The patch coding sequence \({\mathbf{z}}_{\mathbf{L}}\in {\mathbb{R}}^{N\times D}\) is decoded into the partition mapping s ∈ \({\mathbb{R}}^{H\times W\times K}\), where \(K\) is the class score. The decoder is trained to translate the patch-level encoding generated by the encoder into patch-level class fractions. Subsequently, these class fractions at the patch level are upsampled to pixel-level fractions using linear interpolation (bilinear interpolation). Below, we will elaborate on a linear decoder, serving as a baseline, whereas our approach is depicted as a mask converter in Fig. 2. A pointwise linear layer is applied to the patch encoding \({{\varvec{z}}}_{{\varvec{L}}}\in {\mathbb{R}}^{N\times D}\) to produce a patch-level class logarithm \({z}_{\text{lin }}\in {\mathbb{R}}^{N\times K}\).
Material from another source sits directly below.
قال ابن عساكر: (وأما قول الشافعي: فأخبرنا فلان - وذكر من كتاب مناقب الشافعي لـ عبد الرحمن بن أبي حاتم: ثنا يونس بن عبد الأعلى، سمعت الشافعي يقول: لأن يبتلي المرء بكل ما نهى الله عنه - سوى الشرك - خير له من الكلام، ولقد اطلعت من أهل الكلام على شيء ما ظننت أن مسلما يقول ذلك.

The sequence is then reshaped into a two-dimensional feature map \({s}_{\text{lin }}\in {\mathbb{R}}^{H/P\times W/P\times K}\) and upsampled in advance to the original pathology image size \({\varvec{s}}\in {\mathbb{R}}^{H\times W\times K}\). A softmax is then applied on the class dimension to obtain the final segmentation mapping.
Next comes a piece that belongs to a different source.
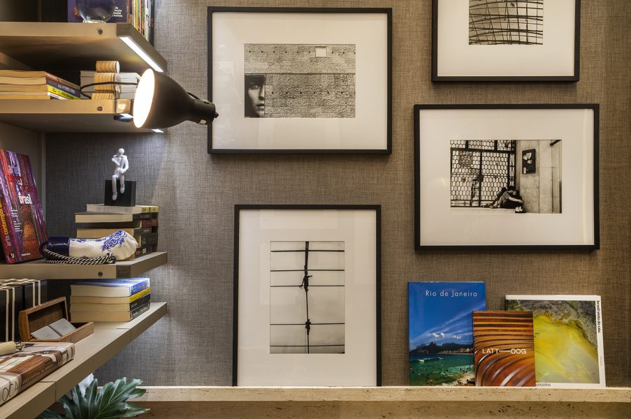 As arquitetas Juliana Terreri e Lucila Jorge criaram um ambiente para relaxar. A estante em laqueado bege domina uma das paredes, preenchida com livros, pinturas, esculturas, vasos e antigos decorativos. Nas outras superfícies, imagens de fotógrafos brasileiros. O linho reveste as paredes, e travertino romano em escama de peixe, o piso. O mobiliário traz materiais naturais como madeira e couro.

Masked Transformers. For the transformer-based decoder, we introduce a set of K learnable class embeddings \(cls=\left[{cls}_{1},\dots ,{cls}_{K}\right]\in {\mathbb{R}}^{K\times D}\), where \(K\) is the number of classes. Each class embedding is randomly initialized and assigned to a semantic class. It will be used to generate a class mask. The class embeddings \(cls\) are processed by the decoder in conjunction with the patch encoding \({\mathbf{z}}_{\mathbf{L}}\), as shown in Fig. 2. The decoder comprises an ensemble of M transformer layers. Our mask transformer produces K masks by calculating the scalar product between the L2 normalized patch embedding \({\mathbf{z}}_{\mathbf{M}}^{\prime}\in {\mathbb{R}}^{N\times D}\) and the class embedding \(\mathbf{c}\in {\mathbb{R}}^{K\times D}\) produced by the decoder. The collection of class masks is computed as follows:

$$Masks\left({z}_{M}{\prime},c\right)={z}_{M}{\prime}{c}^{T}$$
(13)

where the mask \(\left({\mathbf{z}}_{\mathbf{M}}^{\prime},\mathbf{c}\right)\in {\mathbb{R}}^{N\times K}\) represents a set of patch sequences. Each mask sequence is subsequently reshaped into a two-dimensional mask, forming \({\mathbf{s}}_{\text{mask }}\in {\mathbb{R}}^{H/P\times W/P\times K}\), and upsampled to match the dimensions of the original pathology image, resulting in the feature map \(\mathbf{s}\in {\mathbb{R}}^{H\times W\times K}\). Subsequently, a softmax operation is applied to the class dimension, followed by a layer-wise paradigm to derive pixel-level class scores, ultimately generating the final segmented histopathology image. This process is performed for all \((i,j)\in H\times W\), the mask sequence, i.e. \({\sum }_{k=1}^{K} {s}_{i,j,k}=1\) for all \((i,j)\in H\times W\).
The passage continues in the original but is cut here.